Action item:
I would like the lines below, from the one with "Trừ đi giá vốn" through the one with "โดยในคลิปสาวแจ็คกี้นั้นใส่เครื่องประดับเต็มตัว สร้อยทอง สร้อยพระ", copied exactly and without any pictures.

Source information:
╭──

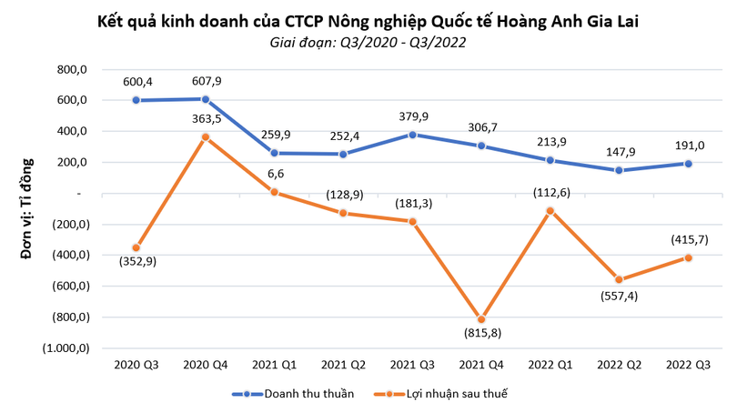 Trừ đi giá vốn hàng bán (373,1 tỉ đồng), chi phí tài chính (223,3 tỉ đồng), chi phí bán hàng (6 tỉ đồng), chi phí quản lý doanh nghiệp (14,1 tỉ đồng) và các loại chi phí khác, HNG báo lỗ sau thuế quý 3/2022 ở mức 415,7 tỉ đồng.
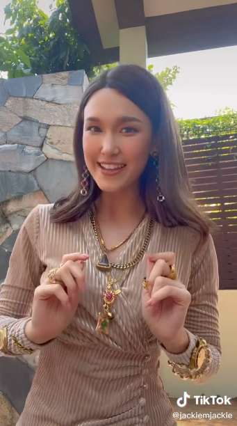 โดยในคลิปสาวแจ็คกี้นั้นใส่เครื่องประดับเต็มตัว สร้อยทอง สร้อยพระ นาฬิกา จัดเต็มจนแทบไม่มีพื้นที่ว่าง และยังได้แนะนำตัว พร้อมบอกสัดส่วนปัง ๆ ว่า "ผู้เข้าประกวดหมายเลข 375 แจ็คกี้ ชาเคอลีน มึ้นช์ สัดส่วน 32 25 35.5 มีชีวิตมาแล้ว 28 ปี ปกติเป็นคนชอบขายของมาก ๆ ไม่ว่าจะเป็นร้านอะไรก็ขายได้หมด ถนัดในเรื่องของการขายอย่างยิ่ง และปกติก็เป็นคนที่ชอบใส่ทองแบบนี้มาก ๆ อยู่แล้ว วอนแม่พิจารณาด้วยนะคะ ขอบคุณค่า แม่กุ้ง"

╰──
╭──

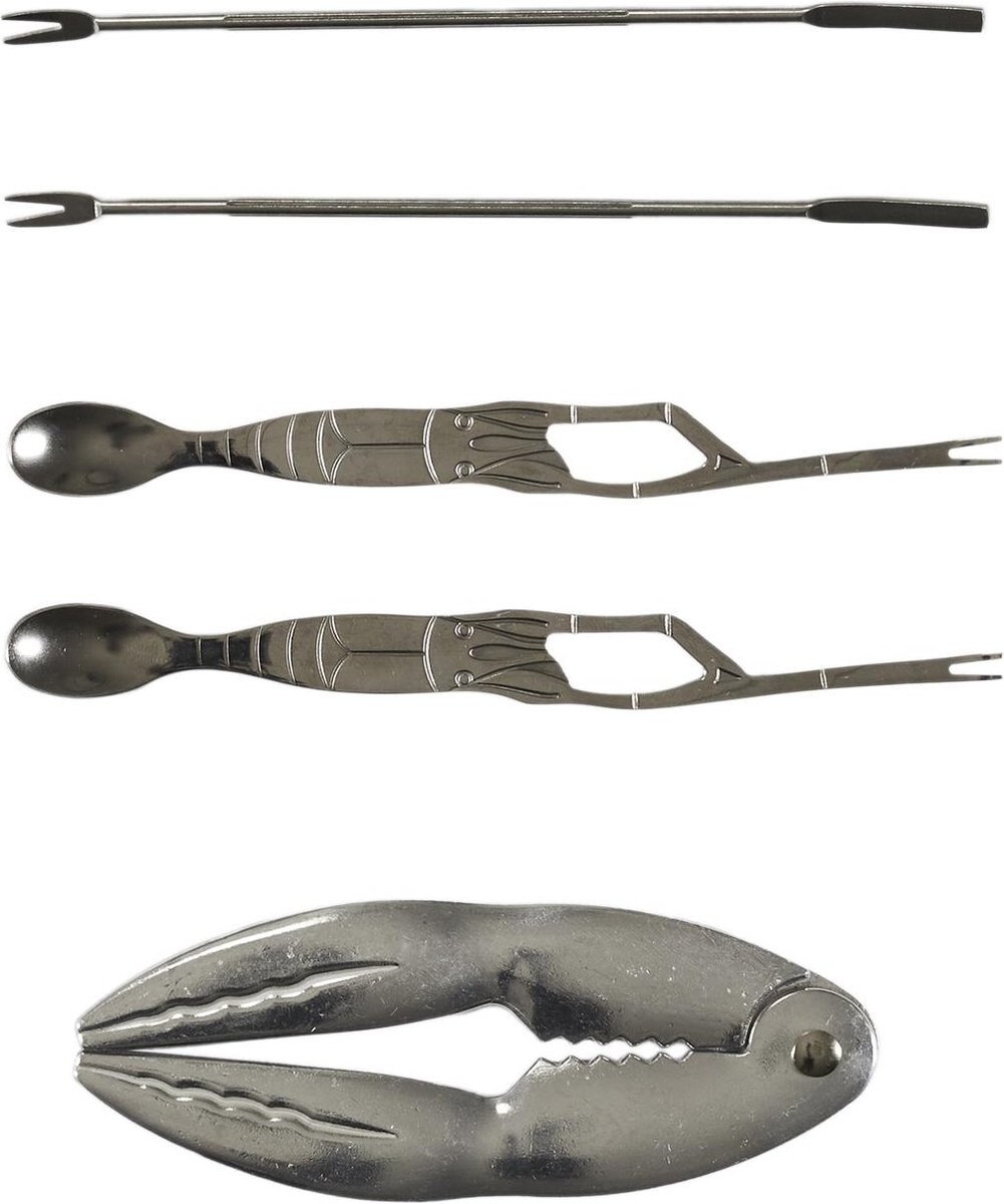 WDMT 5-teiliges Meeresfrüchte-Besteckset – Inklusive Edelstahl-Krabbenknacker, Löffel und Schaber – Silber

╰──
╭──

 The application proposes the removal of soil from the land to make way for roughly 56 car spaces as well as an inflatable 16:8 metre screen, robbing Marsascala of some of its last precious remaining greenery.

╰──

The completed task:
 Trừ đi giá vốn hàng bán (373,1 tỉ đồng), chi phí tài chính (223,3 tỉ đồng), chi phí bán hàng (6 tỉ đồng), chi phí quản lý doanh nghiệp (14,1 tỉ đồng) và các loại chi phí khác, HNG báo lỗ sau thuế quý 3/2022 ở mức 415,7 tỉ đồng.
 โดยในคลิปสาวแจ็คกี้นั้นใส่เครื่องประดับเต็มตัว สร้อยทอง สร้อยพระ นาฬิกา จัดเต็มจนแทบไม่มีพื้นที่ว่าง และยังได้แนะนำตัว พร้อมบอกสัดส่วนปัง ๆ ว่า "ผู้เข้าประกวดหมายเลข 375 แจ็คกี้ ชาเคอลีน มึ้นช์ สัดส่วน 32 25 35.5 มีชีวิตมาแล้ว 28 ปี ปกติเป็นคนชอบขายของมาก ๆ ไม่ว่าจะเป็นร้านอะไรก็ขายได้หมด ถนัดในเรื่องของการขายอย่างยิ่ง และปกติก็เป็นคนที่ชอบใส่ทองแบบนี้มาก ๆ อยู่แล้ว วอนแม่พิจารณาด้วยนะคะ ขอบคุณค่า แม่กุ้ง"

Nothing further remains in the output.